The terminology used below may be interpreted in its broadest reasonable manner, even though it is being used in conjunction with a detailed description of certain specific examples of the present disclosure. Indeed, certain terms may even be emphasized below; however, any terminology intended to be interpreted in any restricted manner will be overtly and specifically defined as such in this Detailed Description section. Both the foregoing general description and the following detailed description are exemplary and explanatory only and are not restrictive of the features, as claimed.

In this disclosure, the term “computer system” generally encompasses any device or combination of devices, each device having at least one processor that executes instructions from a memory medium. Additionally, a computer system may be included as a part of another computer system.
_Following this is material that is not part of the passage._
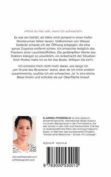 CLARISSA FITZGERALD ist eine deutsch-afroamerikanische, international tätige Autorin. Nach Abschluss ihres Studiums in Deutschland, den USA, und Neuseeland mit den Schwerpunkten Film, Fernsehen, Musik und Theater arbeitete sie in der Filmindustrie. Innerhalb der letzten zehn Jahre hatte sie zudem Anstellungen als Texterin, Consultant, Übersetzerin, Radioredakteurin und Dialektcoach. Sie lebt teilzeit in den USA und Deutschland. Clarissa ist leidenschaftliche Patin des Archigymnasiums Soest, im Rahmen des bundesweiten Projekts ¿Schule ohne Rassismus ¿ Schule mit Courage¿, einer ¿nachhaltigen europäischen Idee, die deutschlandweit Kinder und Jugendliche vernetzt, qualifiziert und motiviert, sich aktiv gegen jede Form der Diskriminierung zu stellen¿.

In this disclosure, the term “based on” means “based at least in part on.” The singular forms “a,” “an,” and “the” include plural referents unless the context dictates otherwise. The term “exemplary” is used in the sense of “example” rather than “ideal.” The term “or” is meant to be inclusive and means either, any, several, or all of the listed items. The terms “comprises,” “comprising,” “includes,” “including,” or other variations thereof, are intended to cover a non-exclusive inclusion such that a process, method, or product that comprises a list of elements does not necessarily include only those elements, but may include other elements not expressly listed or inherent to such a process, method, article, or apparatus. Relative terms, such as, “substantially” and “generally,” are used to indicate a possible variation of ±10% of a stated or understood value.

In general, the present disclosure provides for systems and methods for determining fuel economy of a vehicle. As used herein, “fuel economy” is the relationship between distance travelled by a vehicle and fuel consumed by the vehicle. “Fuel economy” may be a distance travelled per unit volume of fuel consumed by the vehicle and/or units of fuel per fixed distance travelled by the vehicle. For example, “fuel economy” may be expressed as miles per gallon (MPG), kilometers per liter (km/L), liters per 100 kilometers (L/100 km), gallons per 100 miles, and/or any other units for expressing distance travelled per unit volume of fuel and/or units of fuel per fixed distance travelled. Embodiments of the present disclosure may provide for retrieving information from one or more mobile applications, such as a banking, credit card, and/or automobile loan application. The retrieved information may include, for example, vehicle information for the car the user is driving, the user's travel distance, the total payment a user made for fuel, and/or the location the user was at when the user paid for the fuel. The location information may be used to estimate the cost of fuel per unit volume of fuel at that location. From one or more of the distance information, vehicle information, payment information, and the location information, the system may determine the actual fuel economy (e.g., MPG) for the vehicle.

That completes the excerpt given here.